There are a handful of us from a rock in the middle of the Pacific Ocean that formed a bond more than four decades ago. You all know who you are. Den, I can speak for all of us in that group – your passing this past weekend seriously rocked our world. I wasn’t going to write or post anything because that would mean the news was real and I wasn’t ready to accept it. Even as I spoke with Rubes to confirm the news, nothing she was saying rung true. I was just talking to you on the phone about coming for a visit this week. We sent texts on how easy that drive was going to be. You just texted me the ingredients for that flank steak. WTF, you promised me your fried rice – I was going to cheat on my diet this weekend.

As tears stream down my face writing this, I’m overcome with emotions and memories. Riding bikes in the rain, making forts out of cardboard boxes, weekends at Barber’s Point and Fort Derussy - learning to swim, surf and fish… jumping into Blow Hole every chance we got… all the Easters at Bellows, Saturday night poker parties and the random sleepovers because our parents wanted to go dancing at the Ilikai. Oh, and remember that time at Foster’s Point when you fell off the pier (or did we push you?) – or was that Efren Jr.? We may have formed our bond because of our parents… but we made them last because of our ohana within the ohana.

As we grew up and moved to the mainland, we lived in different cities, went to different high schools – but we always saw each other at some family function at least once a year. Eun reminded me about the time you broke the window at our house in San Diego and when we had that Fender Bender in Del Mar? Good times (maybe not so good for our parents). What about the time we tried to fit 14 people in the Buick that summer when I first got my license – just so we could all go swimming together at my house? It didn’t matter where we lived - we could go months or years without seeing each other but in an instant, we just picked-up where we left off.

But being Bruins and roommates really solidified our ohana. Remember all the times you’d just polish off everyone’s food in the freezer to make some amazing concoction? Oh wait – do you remember your addiction to KOST radio station? You and Jeff – oy vey! But then you moved to the Overland house and stepped it up several notches… oh the stories that house could tell and what about the hundreds of gallons of jungle juice we went through?

This photo brought back so many memories – so many tailgates, so many road trips – all the rival games, maybe a few too many missed classes – the Palace, Florentine Gardens, Hugh Hefner’s house, late nights at Tommys, late lunches at Old World, “merienda” at Diddy Riese, Sunday afternoons at Olvera Street… that Janet Jackson concert and that Air Supply concert, all the Laker games (in Inglewood), Korean karaoke bars on Olympic, trips to Vegas, San Francisco, Mexico, Miami, NYC – oh wait, remember all the ski trips to Big Bear and Tahoe? How about that one when you said I could ski the black diamond slopes at Snow Summit? Remember the moguls and the crushed apples? The list can go on and on, kasinsin… remember Moon’s 30th or was it her 25th?

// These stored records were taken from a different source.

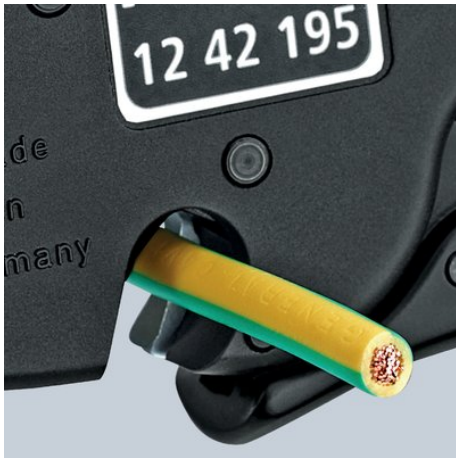
Drahtschneider bis 10 mm 2 mehrdrähtig

Klemmbacken aus Stahl verhindern ein Durchrutschen des Leiters
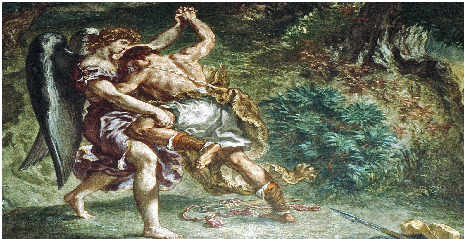
Ausschnitt aus dem Bild «Kampf Jakobs mit dem Engel» von Eugène Delacroix.

benken marthalen ossingen rheinau trüllikon truttikon
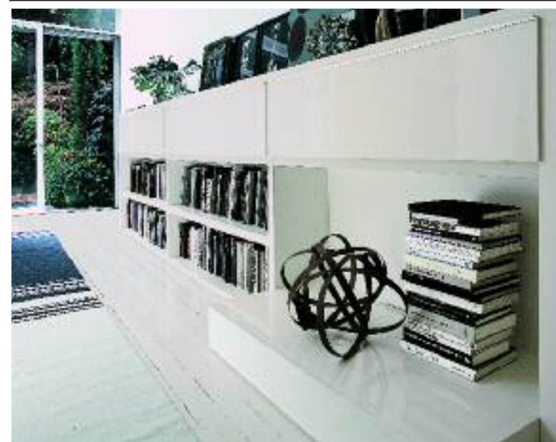
Modułowy system biblioteczny Maxim firmy Lema. Można go dowolnie komponować z paneli, półek i szuflad. Kompozycja na zdjęciu w zależności od wykończenia kosztuje od 22 200 zł.
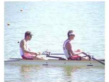
40 - R1
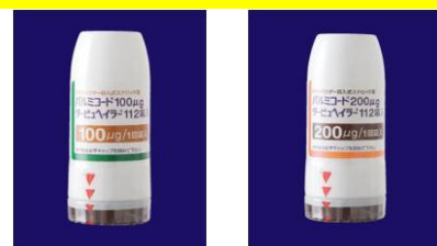
パルミコート100 タービュヘイラー パルミコート200 タービュヘイラー
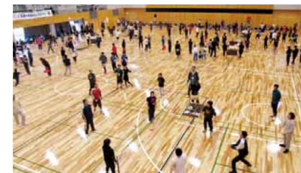
参加した皆さんはスポーツを通じたコミュニケーションを楽しんでいました

また、社員や家族からの熱い応援やお楽しみ抽選会も実施され、楽しい交流大会となりました。

The three of us – we were the original tres amigos. All the birthdays, weddings, births, baptisms, communions, funerals – you were there. You were there when she suffered a huge loss and needed a shoulder to cry on. You were there when I was so very lost (and went through how many hair styles??). Thank you for helping us through our respective dark years. Our homes and our hearts were there for you when you started your culinary journey and when your heart was broken by a mean girl. Remember “the Canadian” and “room temperature girl”?

Thank you for telling mom and dad that Brian was the one. Thank you for explaining our ohana to him (before I even knew he needed to know). Thank you for starting the tradition of singing original songs on each other’s birthdays. I remember the very first one. I remember that we made sure those songs went to voicemail so we could play them over and over again. I looked forward to hearing your original birthday serenades every year – the best was the one to the tune of “I’m bringing sexy back”. Who will sing to me in June?

I know you knew how much I loved you… how much WE loved you. And we know how much you loved us. You were never afraid to show us or tell us. I think that’s what we loved most about you. You wore your heart on your sleeve and you never held back. I will miss that. Those who have written about you speak of your infectious laugh, your welcoming smile, your friendship, your generosity and your love of life… they were right – you were ALL of that. But what I will always remember is your capacity to love and your willingness to lay it all out there in your search for that perfect love. I hope you knew that you always had that perfect love… IN YOU. And we felt it every day.

I’ll end my ode to you with a snippet from one of your favorite bands and one of your favorite karaoke picks “… and I'll take with me the memories, to be my sunshine after the rain… it's so hard to say goodbye to yesterday…” I love you ading… I am your SHMATTY forever...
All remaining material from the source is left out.